When I first became involved in Data Security (as it was then known), mainframes roamed the earth and the role of information systems was primarily for recording and reporting on transactions that had taken place externally from the systems, but not for the active execution of transactions themselves. The focus of security was clearly on fraud and its prevention. If records could be manipulated, it was possible for someone (in almost all cases an insider) to take money and cover his/her tracks. Most security, such as it was, was performed within applications. After-the-fact assessment and rather rudimentary control of passwords and accounts were the substance of the quotidian practice of data security.
The focus was subsequently enlarged to the prevention of misuse of data resources, which comprises fraud but also includes a variety of other objectives such as the confidentiality, integrity and availability of the information itself. Indeed, CIA became a shorthand definition of data security itself. Encryption, access control and disaster recovery were the daily tasks of information security professionals.
This perspective of information security rapidly evolved to include the missing element, i.e., the business functions that owned the information represented on computer systems as data. The term “Information Security” overtook the term “Data Security” and the focus moved to preserving the value of the information resources, which were increasingly being recognized, even by accountants, as assets of the organization. Concern for confidentiality embraced privacy; protection of integrity expanded beyond access control to include intrusion detection; and disaster recovery in the data center was enlarged to encompass continuity of the business itself.
Around that time, I began writing this column.
The Current Perspective
Sadly, in my opinion, one of the parallel trends as information security expanded was the fractionalization of the field. As the lead manager of Information Security adopted the title chief information security officer (CISO), there came to be chief privacy officers, compliance managers and business continuity leaders. This silo-ing of responsibilities reflected diffusion in the definition of information security itself—one that I have decried over the years, especially in articles in this space.3 There was a need for a clear definition, a universally accepted point of reference for information security. Into that gap stepped first the British Standards Institute and then the International Organization for Standardization (ISO), developing what is now ISO 27001/2.4 While it is not the only, or even the first, standard on information security, ISO 27001/2 does provide the most widely accepted definition of what practitioners actually do, if not what security of information means within the context of the many public and private organizations that have information worth protecting.
Thus, my simple answer to Ms. Hajigeorgiou’s question is that I define information security the way that ISO does. To paraphrase—rather badly, alas—from the Latin, “I am an information security professional; nothing security-related is alien to me.”5
Today, I believe the global perspective on information security has shifted once again, with the focus now being on risk. Indeed, in 2008 ISO expanded the 27000 series;6 the first new standard dealt with risk management as it relates to information security.7 I do not believe that ISO sets the tone for actual practice. This organization waits until the best practices (or at least widely accepted practices) are widely understood, and then documents that understanding in as broad a manner as possible. Hence, the ISO information security standards can be quite vague when there is no consensus. The most glaring example of this is in the area of privacy, which ISO 27002 recognizes as an aspect of information security, but which it cannot find much to say about except that something must be done about it.8 All the same, the standard encompasses privacy in information security, along with business continuity management, physical security and human resources, et al. So by using the ISO 27000 series as my boundary, I feel that I can be quite justified in writing about almost anything in this space.

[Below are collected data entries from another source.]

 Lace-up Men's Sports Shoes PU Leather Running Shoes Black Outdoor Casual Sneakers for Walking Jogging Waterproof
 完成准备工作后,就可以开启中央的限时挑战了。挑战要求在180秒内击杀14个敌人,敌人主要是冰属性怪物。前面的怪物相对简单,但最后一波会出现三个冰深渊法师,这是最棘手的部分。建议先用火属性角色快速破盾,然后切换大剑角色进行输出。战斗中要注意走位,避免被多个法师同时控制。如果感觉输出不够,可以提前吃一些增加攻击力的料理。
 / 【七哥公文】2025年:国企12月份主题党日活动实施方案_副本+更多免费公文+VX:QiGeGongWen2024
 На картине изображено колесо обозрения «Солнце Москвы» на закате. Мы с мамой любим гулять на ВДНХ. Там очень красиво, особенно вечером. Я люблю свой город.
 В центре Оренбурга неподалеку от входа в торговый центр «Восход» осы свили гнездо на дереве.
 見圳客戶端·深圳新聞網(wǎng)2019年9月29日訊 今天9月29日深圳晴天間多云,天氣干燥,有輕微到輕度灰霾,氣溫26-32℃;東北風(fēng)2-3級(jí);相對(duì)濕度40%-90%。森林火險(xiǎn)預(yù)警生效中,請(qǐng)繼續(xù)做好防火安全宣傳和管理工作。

Having traced the historical arc of information security from prevention of fraud and misuse to preservation of value to risk management, I do not think that the evolution is complete by any means. I believe that the next great shift in the global perspective on information security will be to see it as strategic to the success of the organizations of which it is a part. This means that the CISOs of the world will be a part of the decision-making processes of companies and government agencies at the highest level. It can already be seen, faintly to be sure, in US President Barack Obama’s declaration that he would appoint a cybersecurity “czar” and that “We will deter, prevent, detect, and defend against attacks and recover quickly from any disruptions or damage.”9 Spoken very much like a CISO and indicative that information security is penetrating the halls of power. Similar trends can be found in the European Union and in several Asian countries.

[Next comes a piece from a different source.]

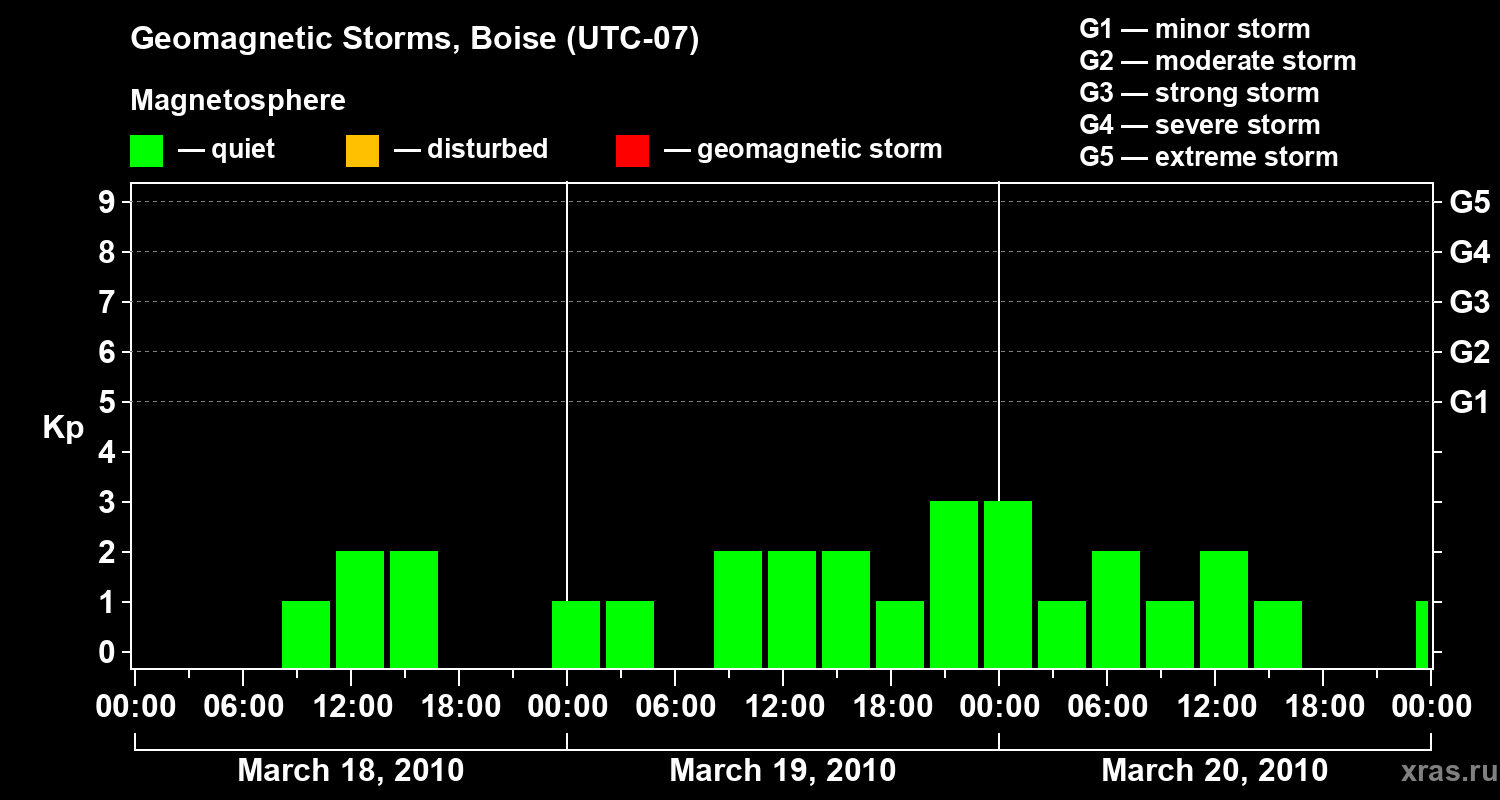 Changes in the geomagnetic index Kp from March 18 to 20, 2010 for mid latitudes

Is there an even broader perspective on information security than a strategic one? It is hard to tell through the mists of the future, but words such as systemic and societal come to my mind. It is apparent to me that wherever information security takes us, the future will be beyond the scope of standards. We will enter (in fact we are already entering) into realms in which economic, cultural, social and historical differences will assert themselves in information security. I believe that we will simply have to live in a world in which my idea of security may be much more (or less) stringent than yours. It is precisely those areas of debate that I hope to address in this column, as long as ISACA will have me.
Which brings me to my request of you, the reader. With all the foregoing, should Ms. Hajigeorgiou keep the title of this column the way it is, IS Security Matters, or should she/ we come up with something else? If we should, what are your suggestions? Drop me an e-mail and let me know what you think. Whether the name changes or not, I promise to pass along some of the better ideas in a future column.

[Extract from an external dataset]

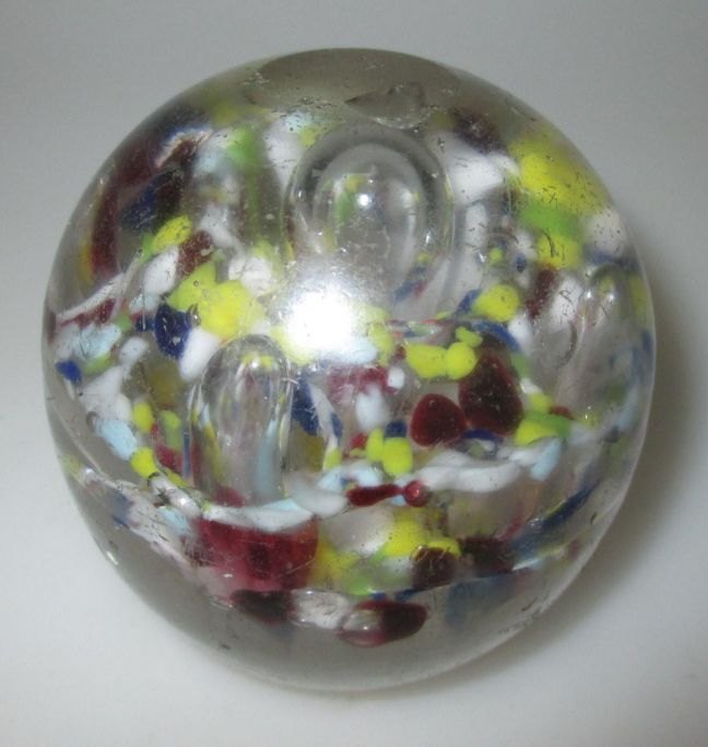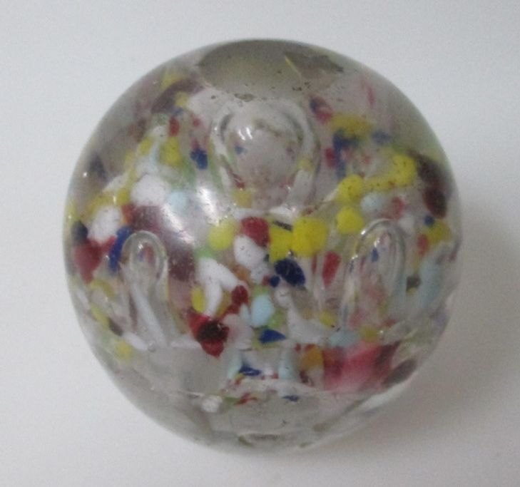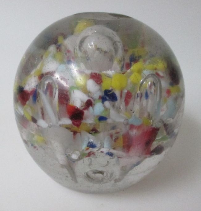 Brev vægt, 19. årh. Danmark. Klart glas indlagt med flerfarvet glas og luftbobler. Højde.: 7,5 cm. Dia.: 7,5 cm.

1 Throughout this article, I have capitalized “Information Security” when referring to the functional aspects and use the lowercase “information security” when describing the conceptual aspects.
2 I do not get credit for the column’s title. I believe it goes to Michael Cangemi, the long-time editor in chief of the Journal. I have never been sure whether the title refers to matters of security or if it means that Information Security really matters.
3 See, for example, “Is Information Security a Threat to Resilience?” vol. 1, 2005 or “Converging Need, Diverging Response,” vol. 2, 2006.
4 International Organization for Standardization, ISO 27001/2, “Information technology—Security techniques—Information security management systems— Requirements and Code of Practice,” 2005. I have railed at these standards many times over the years, but ultimately concluded that they are the necessary boundary definitions of information security.
5 The Roman playwright Terence said “I am a man; I hold that nothing human is alien to me.” Actually, he said “Homo sum; humani nil a me alienum puto.”
6 ISO has planned future standards to deal with a wide variety of subjects, including measurement and auditing of information security.
7 International Organization for Standardization, ISO 27005:2008, “Information technology—Security techniques—Information security risk management,” 2008
8 This complex topic is reduced to a mere 212 words of guidance. The control statement reads, “Data protection and privacy should be ensured as required in relevant legislation, regulations and, if applicable, contractual clauses.” I natter about this every now and again; the last time in this column was “Content and Context,” vol. 1, 2006.
9 See www.whitehouse.gov/video/President-Obama-on-Cybersecurity or www.nytimes.com/2009/05/29/us/politics/29obama.text.html?pagewanted=1&ref=politics for the full text of the announcement.
Steven J. Ross, CISA, MBCP, CISSP
a retired director from Deloitte, is the founder of Risk Masters Inc. He can be reached at firstname.lastname@example.org.
Enjoying this article? To read the most current ISACA® Journal articles, become a member or subscribe to the Journal.
The ISACA Journal is published by ISACA. Membership in the association, a voluntary organization serving IT governance professionals, entitles one to receive an annual subscription to the ISACA Journal.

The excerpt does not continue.